As the smoke cleared, Spike got up, off the ground, dusted himself off, and saw who were probably the TWO BIGGEST IDIOTS in Ponyville: Deputy Snips and Deputy Snails, of the Smith County Sheriff, emerging from the wreck, unscathed.

"WE'RE IN!" Snips yelled.

"In what? Big trouble, for fucking up again?

THAT'S SPIKE!

"We wanna join your gang of ROAD WARRIORS!" Snails added, with a big smile on his face.

"Hold up." Spike was confused. "Who said anything about road warriors?"

"Well, DUH!" Snips jeered, "Haven't you played, "Interstate '76"? You get a muscle car, rig it up with guns, and GO KICK FLANK!"

"Easier said than done...Where am I gonna find a muscle car?"

"We impounded a '70 Plymouth HEMI 'Cuda! We'll let you use that!" Snails insisted kept insisting that they come, and Spike DID need somepony to comewith him.

"Alright," he agreed, "You can come."


As the impound garage door opened, Spike was in awe at the massive sports car that he was to drive. It was a bright orange color, Vitamin C, as it was called in the catalog, with a black shaker hood scoop. This was a beast. This was a 'Cuda.

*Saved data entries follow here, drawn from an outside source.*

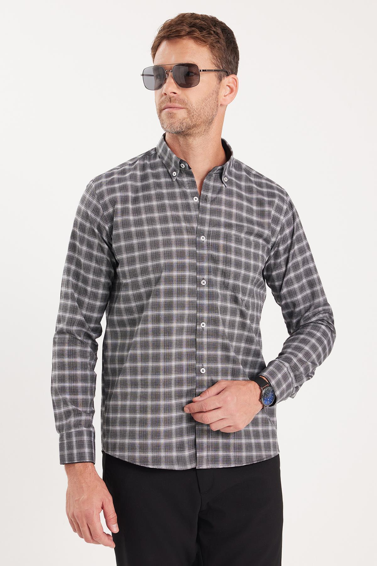 Erkek Regular Fit Klasik Kesim Düğmeli Yaka Küçük Kareli Pamuklu Gömlek Erkek Regular Fit Klasik Kesim Düğmeli Yaka Küçük Kareli Pamuklu Gömlek KL230031-670 2XL
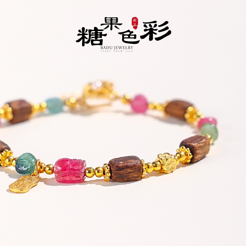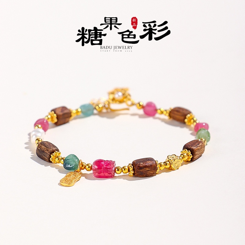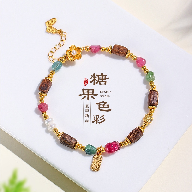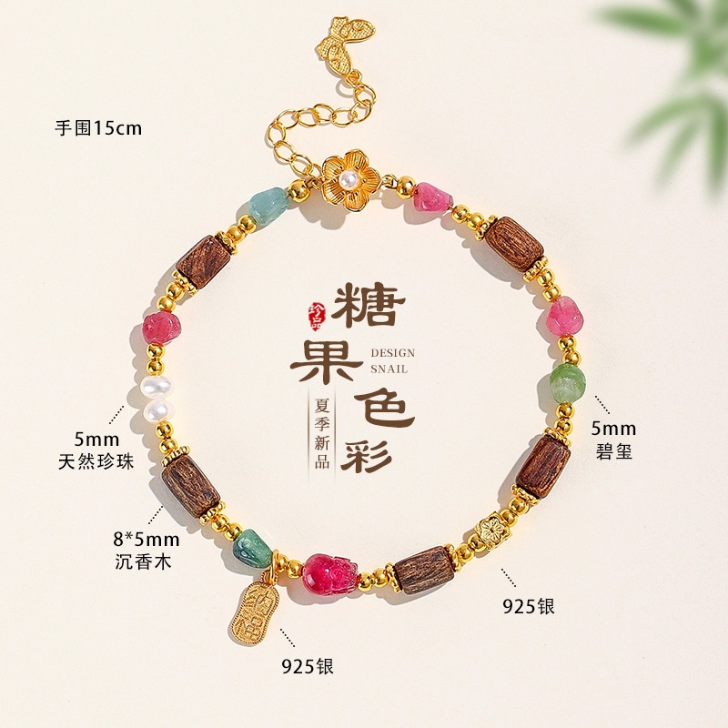 925银纳福牌天然珍珠沉香木串珠手链女高级感时尚碧玺手串首饰
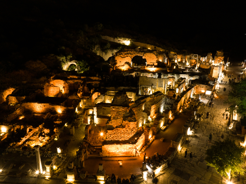 Kültür ve Turizm Bakanlığının Efes Antik Kenti'nde aydınlatma projesini hazırlayarak uygulamaya koyduğunu ve artık saat 24.00'e kadar da ziyaretçilere açık olacağını belirten Elban, şunları söyledi:
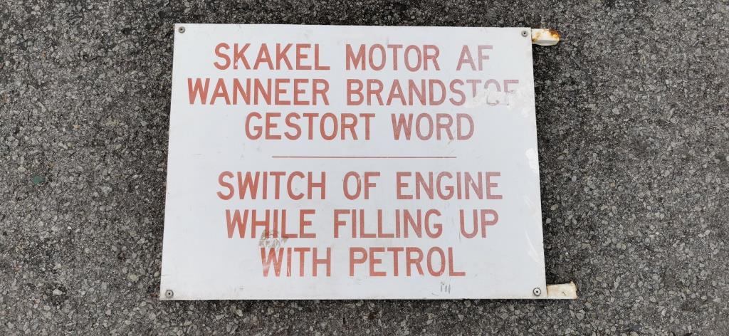 English/Afrikaans “Switch of the Engine while filling up with petrol Sign” (length 60 cm, height 45 cm)
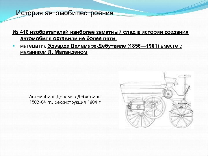 История автомобилестроения Из 416 изобретателей наиболее заметный след в истории создания автомобиля оставили не более пяти. § математик Эдуарде Деламаре-Дебутвиле (1856— 1901) вместе с механиком Л. Маланденом Автомобиль Деламар Дебутвиля 1883 84 гг. , реконструкция 1984 г

"Well," Spike asked, "I guess we're supposed to hit the road now, but we DON'T HAVE ANY LEADS!"

"Don't worry, bro," Snails told him, "I know a pony."

They walked inside the precinct, to find a very familiar blue pony, with a gray mane locked in a cell. She was dirty, as if she had been sleeping in a dumpster for the last 38 years, but it was still her.

"Oh, Great and Powerful Trixie!" Snips called, "We need you to show somepony the way!"

"Alright, bring him to Trixie."

As soon as she saw Spike, she instantly remembered him, as the driver of the Corvette that won the 2012 Apple Cider Classic 300.

There were two chairs and a table in the cell, and on the table lay a crystal ball. Spike sat down in the chair facing Trixie, and was about to inform her of the situation, when she interrupted him with an impatient remark.

"What do you need to know? Can't you see Trixie is a very busy mare?"

"Well," he explained, "Rarity has gone missing, and I need your help to find her. What do you see in your crystal ball, Trixie?"

"I see....A black....Chevrolet Sedan, on Border Highway 3....Towards Utah.....Rarity's in the trunk."

"Thanks, Trixie." Spike would hug her, but she hadn't bathed in days, so he just rushed back to his car, Snips and Snails following

"WAIT, AREN'T YOU GOING TO PAY TRIXIE?! SHE CAN MAKE YOU THE HAPPIEST DRAGON IN THE WORLD, IF YOU PAY HER! I NEED TO EAT TOO, YOU KNOW! Please? Don't leave me alone....."

"So," Snips asked, as the three ran to their cars, "Where too next?"

"You heard her," Spike told them, "Border Highway 3! They're heading for Utah, let's stop 'em!"

As Spike started the 'Cuda, he felt his rage boiling up. He was going to get his Rarity back, no matter what.

The 'Cuda and the Coronet raced away from the precint, the latter's lights and siren blaring, acting as a police escort, as they began the chase.